How does Linux move from an awake machine to a hibernating one? How does it then manage to restore all state? These questions led me to read way too much C in trying to figure out how this particular hardware/software boundary is navigated. ↫ Jacob Adams So this is a lot deeper of a dive than I expected, and it blows my mind just how complex sleep, hibernating, and waking a computer really is.
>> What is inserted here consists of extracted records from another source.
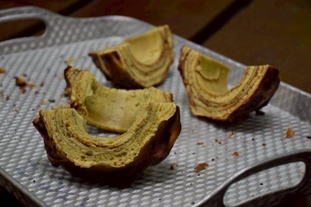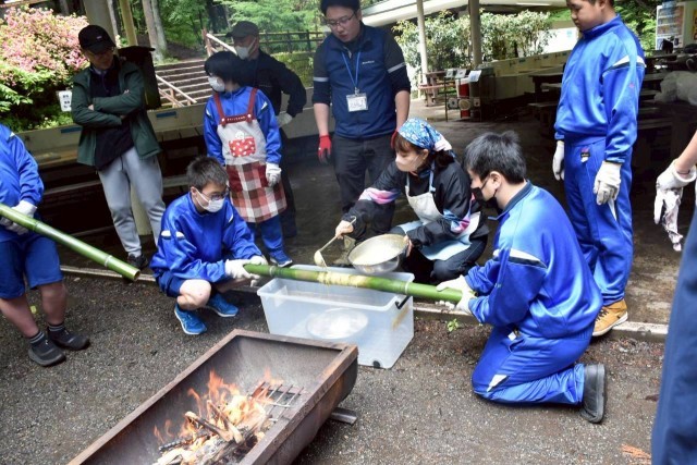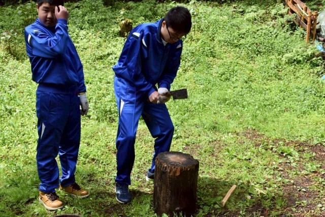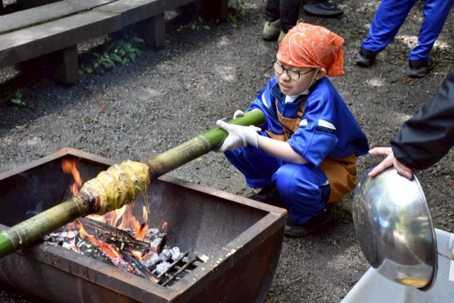 最初にバウムクーヘン作りを体験しました。ただ焼くだけでなく、薪や竹の準備も自分たちで行いました。焼き上がるのにたくさんの時間と労力がかかりましたが、とてもおいしいバウムクーヘンができました。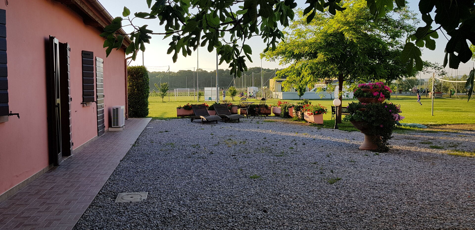 Sports area with football pitch and padel tennis court.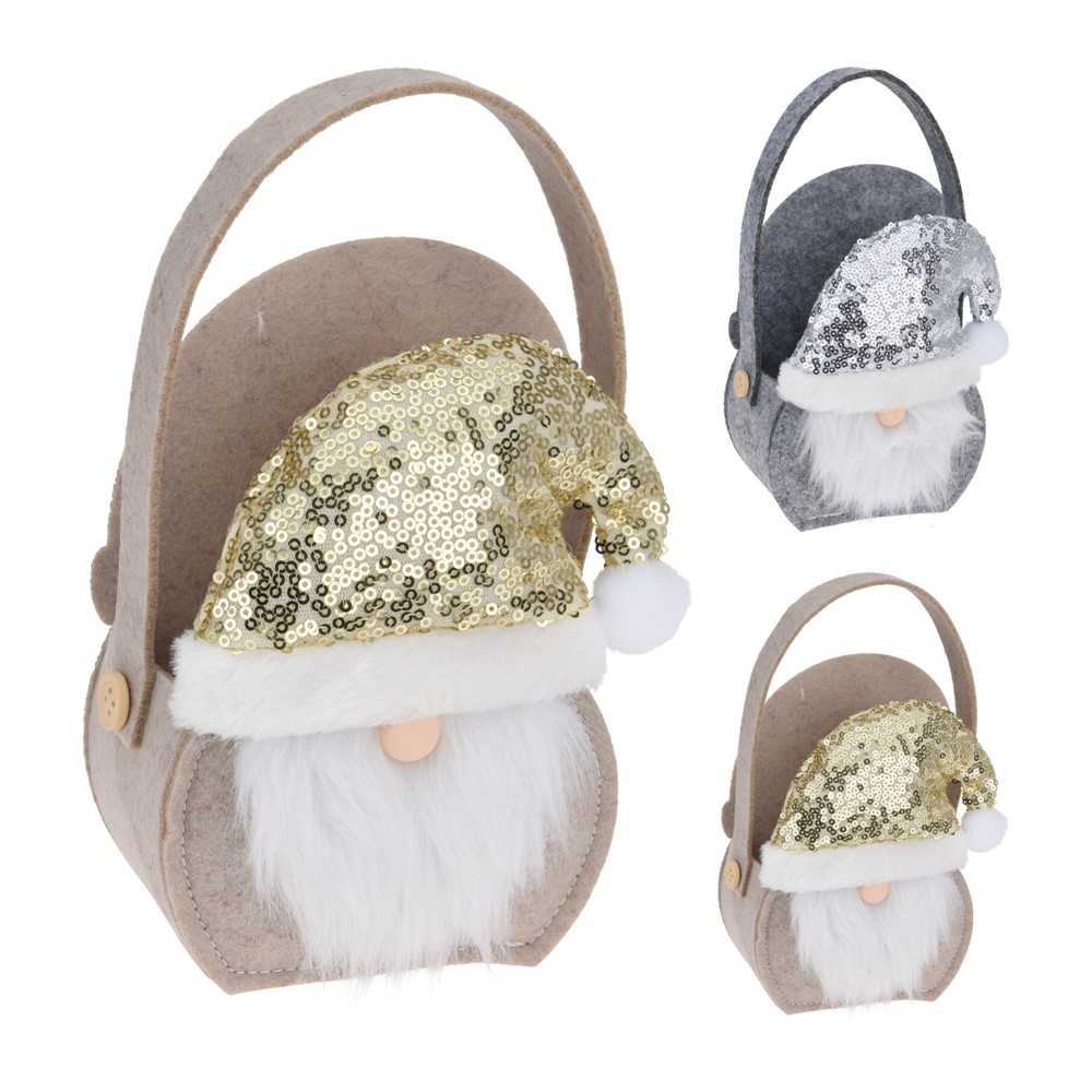 Canta ne ngjyrë bezhe ose gri, ne formen e Babagjysht të vitit të ri me kapuc me xixa, duke e sjelle kete personazh me afer femijeve. Keto canta mund të perdorenper dekorim duke u varur ne mur ose ne pemën e Krishtlindjeve ose per tu mbushur me embelsira e biskota per femijet.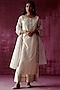 Featuring an off-white kurta in chanderi base with mirror and gota hand embroidery. It is paired with matching embroidered pants and an organza embroidered dupatta.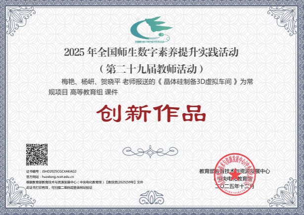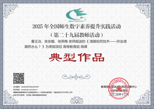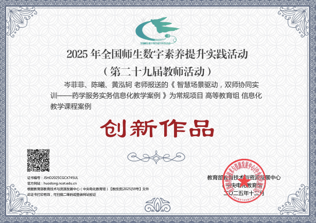 近日,由教育部教育技术与资源发展中心(中央电化教育馆)主办的2025年全国师生数字素养提升实践活动(第二十九届教师活动)落下帷幕。在常规项目参与名单中,beat365梅艳团队课件作品《晶体硅制备3D虚拟车间》和岑菲菲团队信息化教学课程案例作品《智慧场景驱动,双师协同实训——药学服务实务信息化教学案例》获评“创新作品”;董玉洁团队微课作品《滴眼给药技术——你会滴眼药水么?》获评“典型作品”;徐燕梅团队信息化教学课程案例作品《场域联动、虚实一体、一案多维:数智赋能老年护理信息化课程案例》获评“研讨作品”。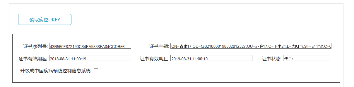 点击“读取疾控UKEY”,会弹出证书选择对话框,如下图: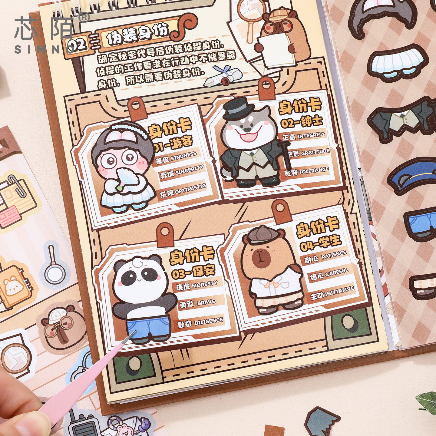芯陌侦探闯关游戏贴纸本安静书新款女孩卡皮巴拉高颜值可爱卡通小儿童手工diy贴纸玩具益智趣味好玩麻薯探案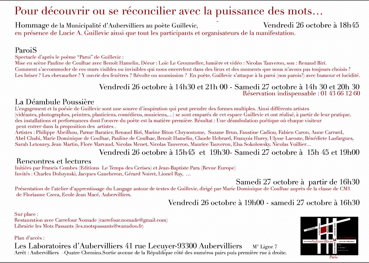 La Tribu-Collectif Poussière et La municipalité d’Aubervilliers rendent hommage au poète Guillevic les vendredi 26 et samedi 27 octobre 2007 aux Laboratoires d’Aubervilliers.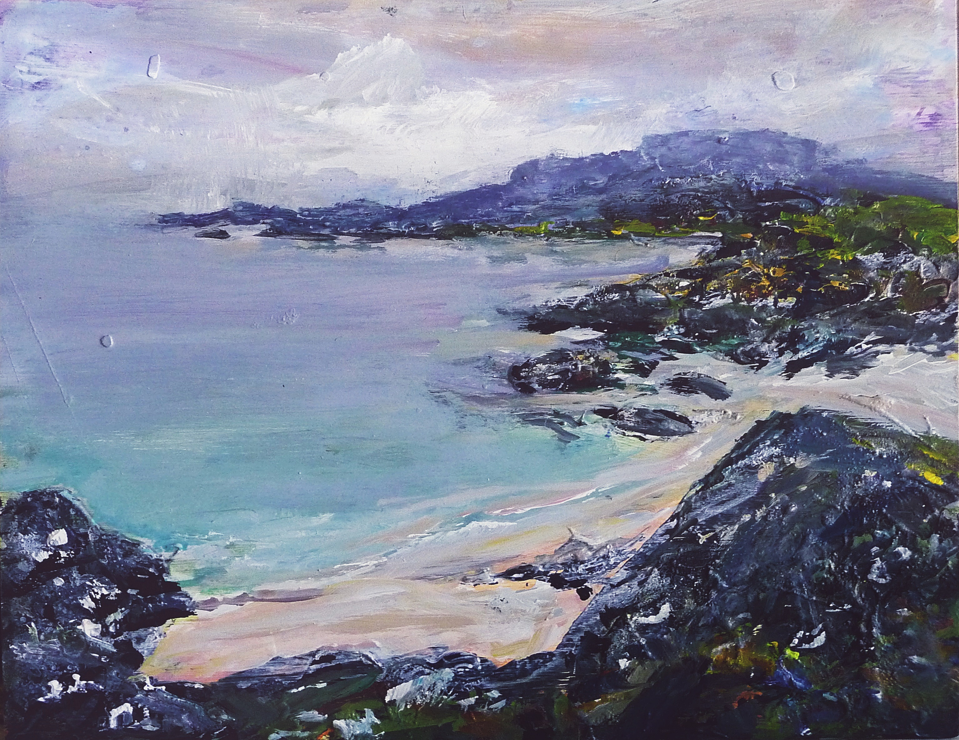 - ‘Dusk, Sanna Bay’. Mixed media on 14×11″ wood panel. Rose Strang, 2019. £495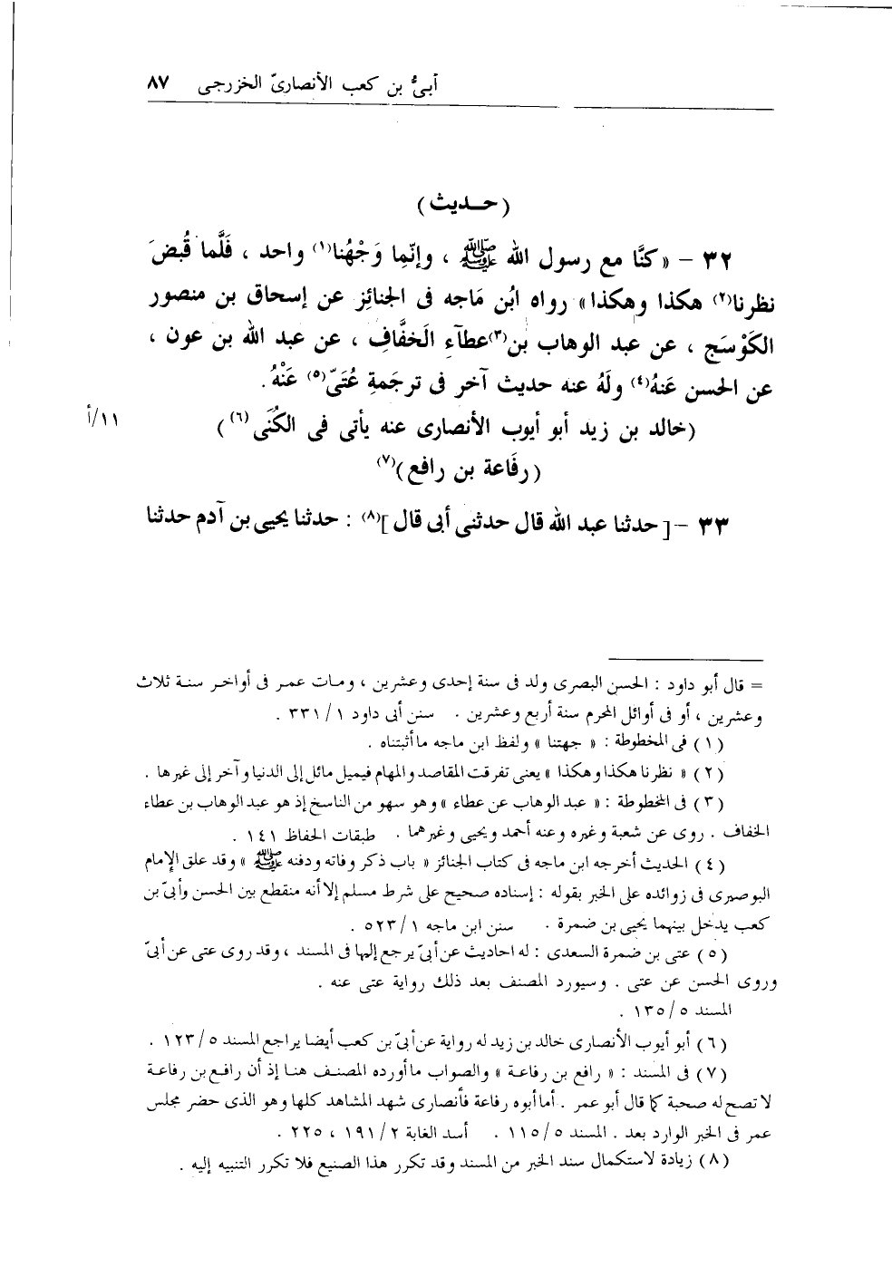 32 - (كنا مع رسول الله - صلى الله عليه وسلم -، وإنما وجهنا (¬1) واحد، فلما قُبض نظرنا (¬2) هكذا وهكذا) رواه ابن ماجه في الجنائز عن إسحاق بن منصور الكوسج، عن عبد الوهاب بن (¬3) عطآء الخفاف، عن عبد الله بن عون، عن الحسن عنهُ (¬4) وله عنه حديث آخر في ترجمة عُتيّ (¬5) عنه.

Instinctively you know this, but seeing it spelled out like this really drives that point home – and this only covers going into hibernation. It also highlights how hard it must be for the developers involved to keep this working at all, especially on the wide variety of machines and hardware combinations Linux runs on. It wasn’t too log ago that pretty much the only platform where sleeping and waking worked reliably was Mac OS X with its controlled, small hardware selection, so it’s kind of remarkable this works at all on Linux now. I haven’t had to worry about sleeping and waking with Linux for quite a while now, and it’s one of those things that “just works” so I never have to think about it. This definitely wasn’t always the case, though, and on both Linux and Windows I would just turn the whole feature off since it rarely worked reliably, especially on desktops. I’m sure it still breaks for people, but for me, it’s been rock solid, and reading through the linked article, I’m even more amazed about this than I already was.